ValentineBombshell: well it went tits up but thank you

999 replies

ValentineBombshell · 10/06/2011 20:36

Hello to anyone who remembers me from, as my name suggests, way back in February. Am a long time MN regular whose H confessed to kissing a colleague at work/an EA.

original thread here

Had to step away from MN for a bit as everything just imploded. Of course he hadn't just kissed her, it was all far more tawdry than that, she'd been giving him blowjobs in carparks.

And now my life reads like a badly scripted soap.

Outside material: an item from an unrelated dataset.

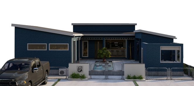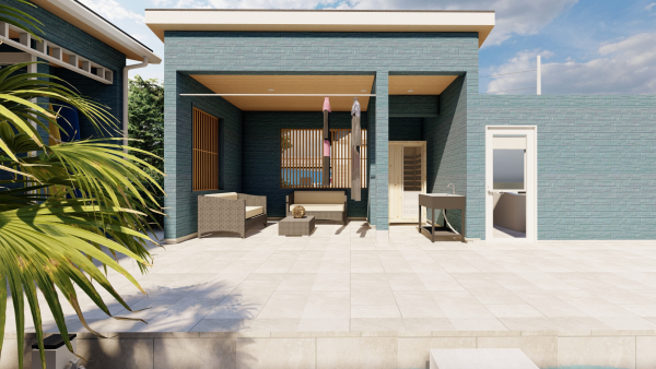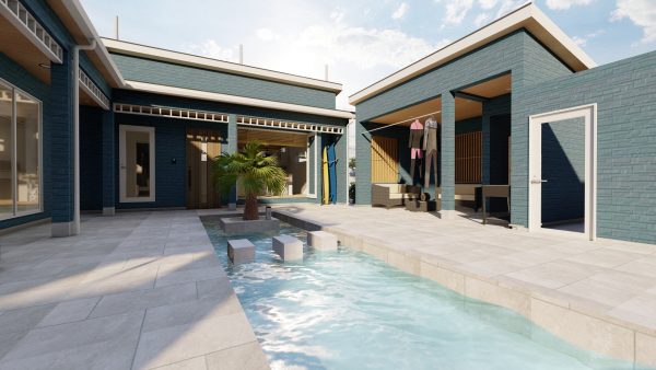居住スペースと親戚や友人など、皆が集まるスペースをあえて分けプライベート部分を見えなくし、海から帰ってきても庭で洗い流せるジャグジーやサーフボード置場、ウエットスーツを掛けられる所も事前に考えた間取りになっています。

Am about to proceed with divorce, distressingly he is still living in the same house as me and the children and he has reached heights (or should that be lows?) of jaw-dropping awfulness.

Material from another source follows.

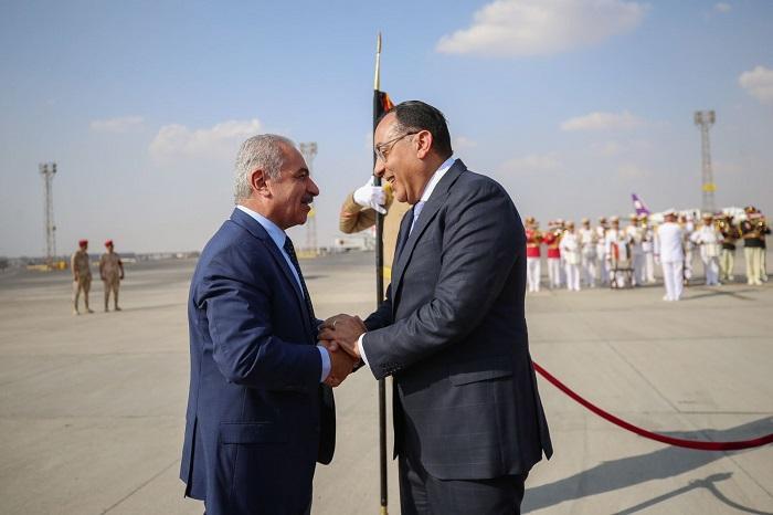 وكان في استقبال رئيس الوزراء في الصالة الحكومية بمطار القاهرة الدولي، نظيره المصري مصطفى مدبولي، ووزراء الحكومة المصرية، وسفير دولة فلسطين لدى مصر دياب اللوح، ومستشارو السفارة.

But I just wanted to come back and say thank you for the wise words that MNers took the time to post, for the support and the tough love, both of value in equal measure. And hopefully back on MN under my usual name xx

OP posts:
AnyFucker · 09/08/2011 22:39

She has had a 'bit of a breakdown' after her father's suicide and wants time on her own

she is cooling

realised he is actually the booby prize, a complete and utter damp squib

I think you have dealt with it well, actually. You have been pretty clear.

I still think you are being too accomodating to his selfish navel-gazing, but you have your reasons.

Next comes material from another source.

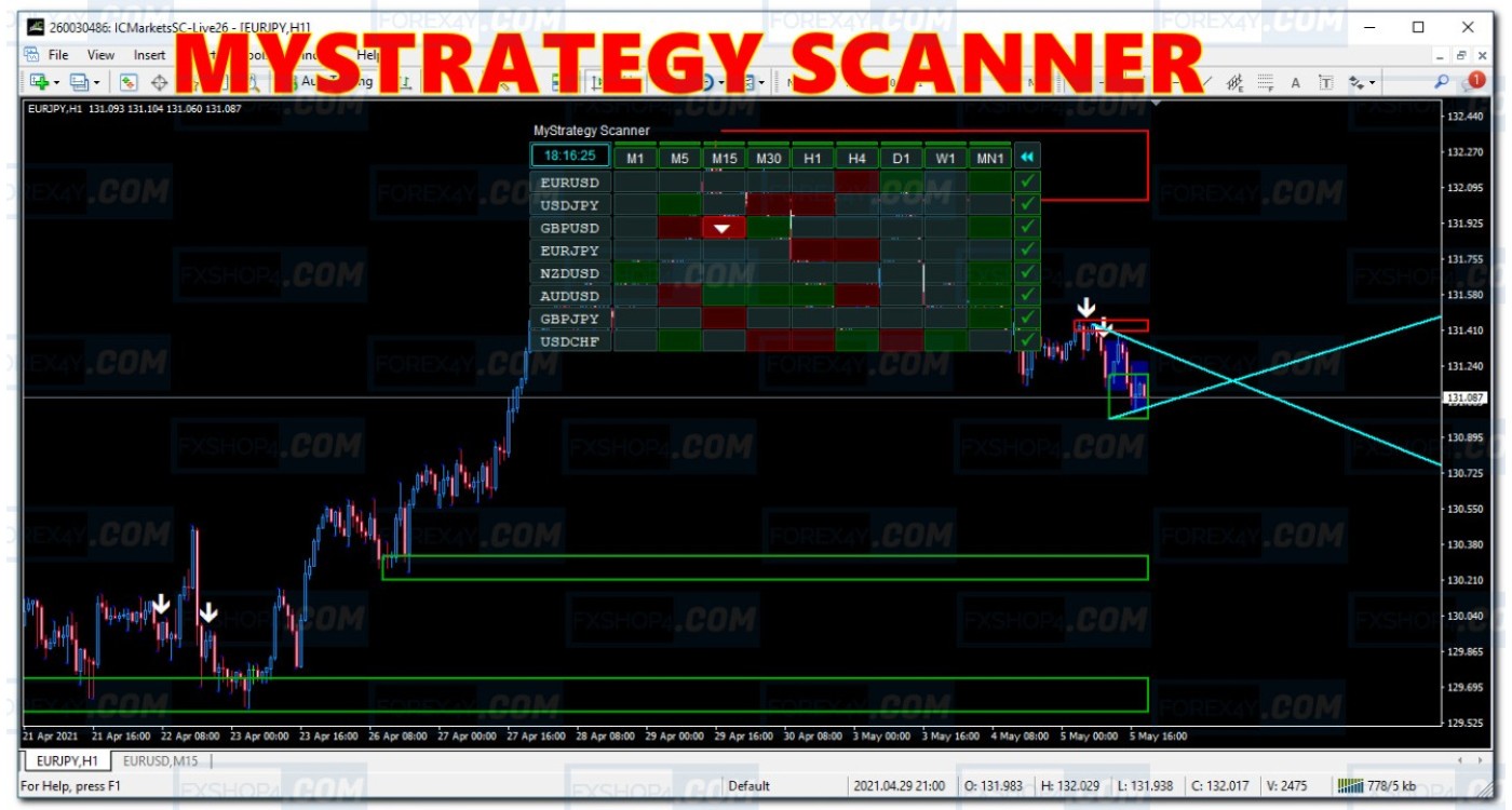 My Strategy Scanner (The only indicator you need for forex trading). My Strategy Scanner allows you to create your own strategy and scan all the timeframes, and pairs at the same time. It comes with support and resistance zones, trend lines, and sideways detection. (MT5 version does not include Sideways Detection).

He doesn't call the shots, you do. That is how it should be.

ValentineBombshell · 09/08/2011 22:50

I suggested similar, that OW was backing off as he wasn't what she bargained for but he wasn't having that, almost defensive of her, so think it could be all back on again.

Realise I gave him too much of my thoughts and time.

OP posts:
TheFarSideOfFuck · 09/08/2011 22:54

Love, you have been doing that all along

As you have also been allowing him to do

it really should stop

TheFarSideOfFuck · 09/08/2011 22:55

oops, this is AF, btw

Fenella1212 · 09/08/2011 22:56

ValentineBomshell, I hope you don't mind a complete stranger popping in at this point, I've been lurking since the start but had no advice to give so didn't post.

I think you've handled it brilliantly. Yes you've given him your thoughts and time but you had to to get the message across.

Well done. You rock - and he is a total twunt.

ValentineBombshell · 09/08/2011 23:09

Grin @ 'Tis I, AnyFucker in disguise. Yes, you were totally right about that.

Thanks Fenella for your kind words. Guess I had thought this through so much, am just cross he hasn't fallen in with my every suggestion [controlling, moi?]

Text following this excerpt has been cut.